| Exercise aim |
Beginning with the first line, return the material verbatim and without pictures.

| Data section |
########################################
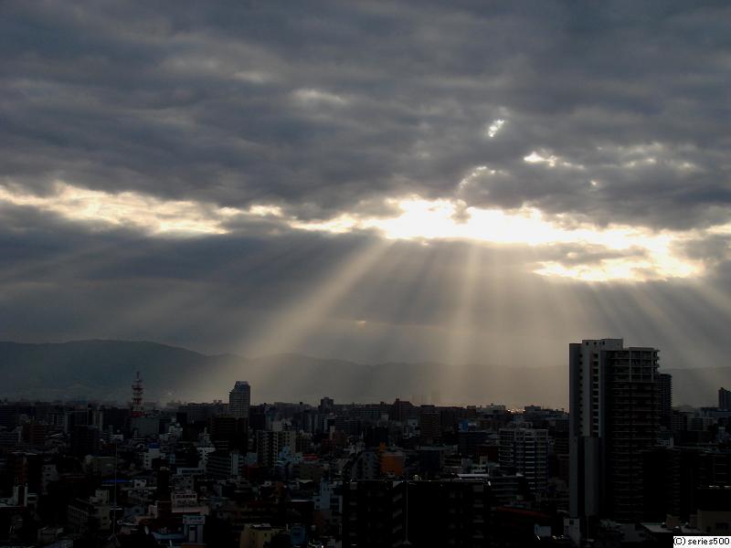 朝、雲の隙間から光が射しこんで大変に綺麗な光景を拝めました。
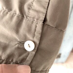 This shirt feels like silk and looks like silk but is polyester and washable. Beautiful khaki/olive color (photos don’t do it justice!) with patch pockets on front and epaulettes with buttons on shoulders. It is long-sleeved but sleeves roll up with button flaps to hold them in place. Shirt-tail hem. Can be dressed up or down and worn with jeans for a more casual look. Measurements are: Pit-to-Pit = 24”; Back Length = 30-1/2.” Chico’s size 3 which equals a size 12/14. Love this shirt but it doesn’t fit anymore!
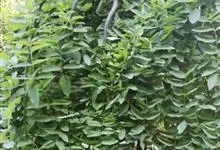龙爪槐为乔木,高达25米;树皮灰褐色,具纵裂纹。当年生枝绿色,无毛。羽状复叶长达25厘米;叶轴初被疏柔毛,旋即脱净;叶柄基部膨大,包裹着芽。圆锥花序顶生,常呈金字塔形,…全部>>
########################################
| Output below |
 朝、雲の隙間から光が射しこんで大変に綺麗な光景を拝めました。
 This shirt feels like silk and looks like silk but is polyester and washable. Beautiful khaki/olive color (photos don’t do it justice!) with patch pockets on front and epaulettes with buttons on shoulders. It is long-sleeved but sleeves roll up with button flaps to hold them in place. Shirt-tail hem. Can be dressed up or down and worn with jeans for a more casual look. Measurements are: Pit-to-Pit = 24”; Back Length = 30-1/2.” Chico’s size 3 which equals a size 12/14. Love this shirt but it doesn’t fit anymore!
龙爪槐为乔木,高达25米;树皮灰褐色,具纵裂纹。当年生枝绿色,无毛。羽状复叶长达25厘米;叶轴初被疏柔毛,旋即脱净;叶柄基部膨大,包裹着芽。圆锥花序顶生,常呈金字塔形,…全部>>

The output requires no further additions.